If you put the beam far enough out, more of the force will be in bending instead of twisting. And the bending stiffness is easy to manipulate via the cross section that will be tried to be bent.

Yes, all of that force does have to move through the mounting ends and into the twist beam, but that seems like a farily basic design.

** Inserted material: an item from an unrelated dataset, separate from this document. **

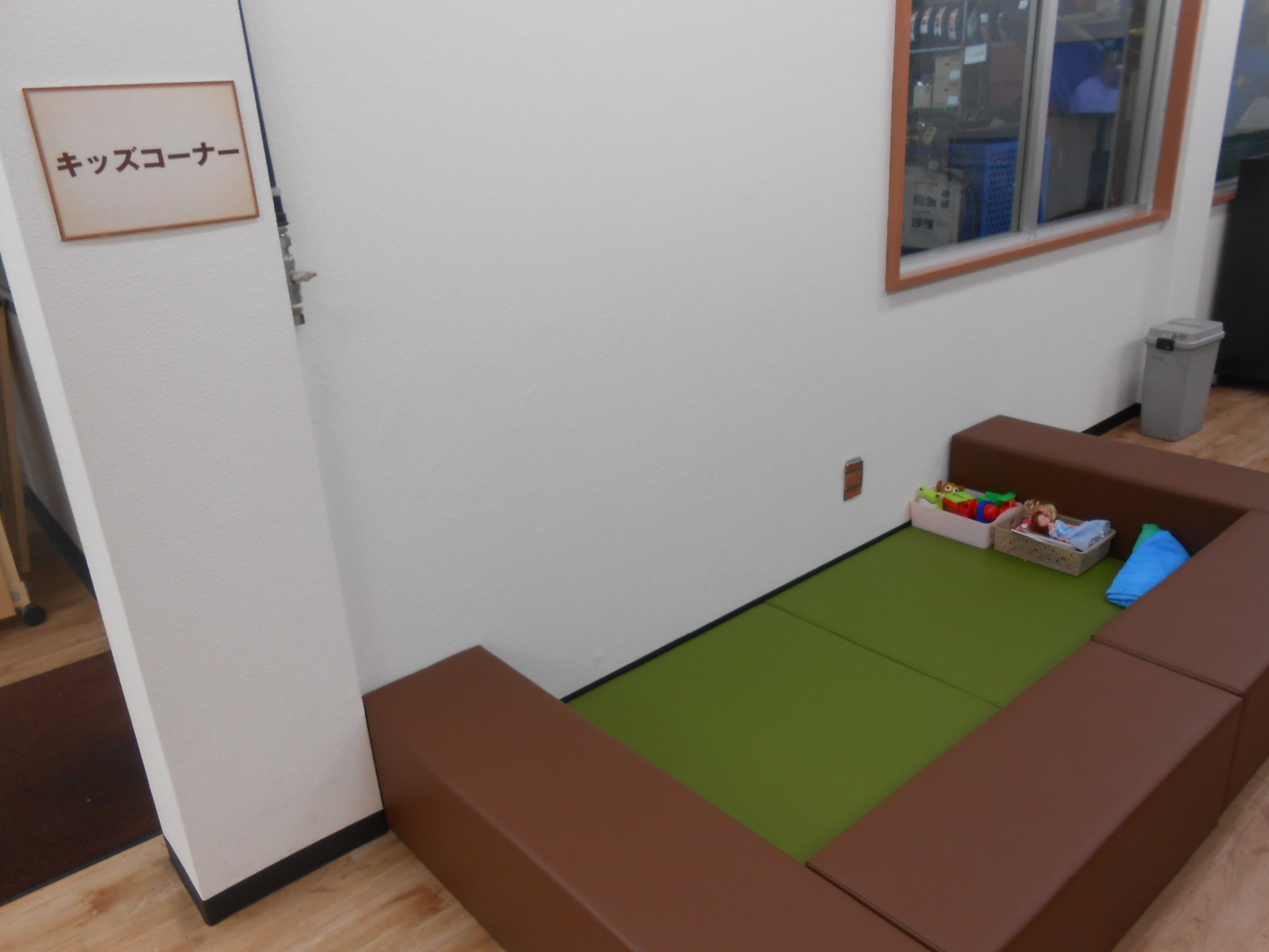 ウェイティングスペースも清潔感ありキッズコーナーも完備(分煙有)

One of the cool things about using the stiffness of a twist beam to act as a sway bar is that you can put the additional stiffness anywhere, not just below the car.

mazdeuce HalfDork
June 5, 2012 8:15 a.m.

I think that's the difference. In a kart the bar is actually bending, so rotating something non symmetrical works. With a twist beam, it's just twisting, mostly anyway, so that same idea won't work.
The Racing Beat bar clamps on with what looks like fancy exhaust clamps, which is pretty nifty from a stress reduction standpoint. The bar is welded to end plates though. If you had a bar that was splined along its length, or square or something, and you could slide the clamps in and out you could adjust the effective length of the bar and it's stiffness.

dyintorace UltraDork
June 5, 2012 8:19 a.m.
Derick Freese wrote: I just noticed it, but is that Tucker's $2011 Miata in the background there?

As a matter of fact, it is! I sold the car to the rally school as an addition to their school fleet. Rumor has it that it raced in the recent Daytona chump car race too. I wonder if they kept the turbo on for that. If so, it would have been pretty illegal by CC standards!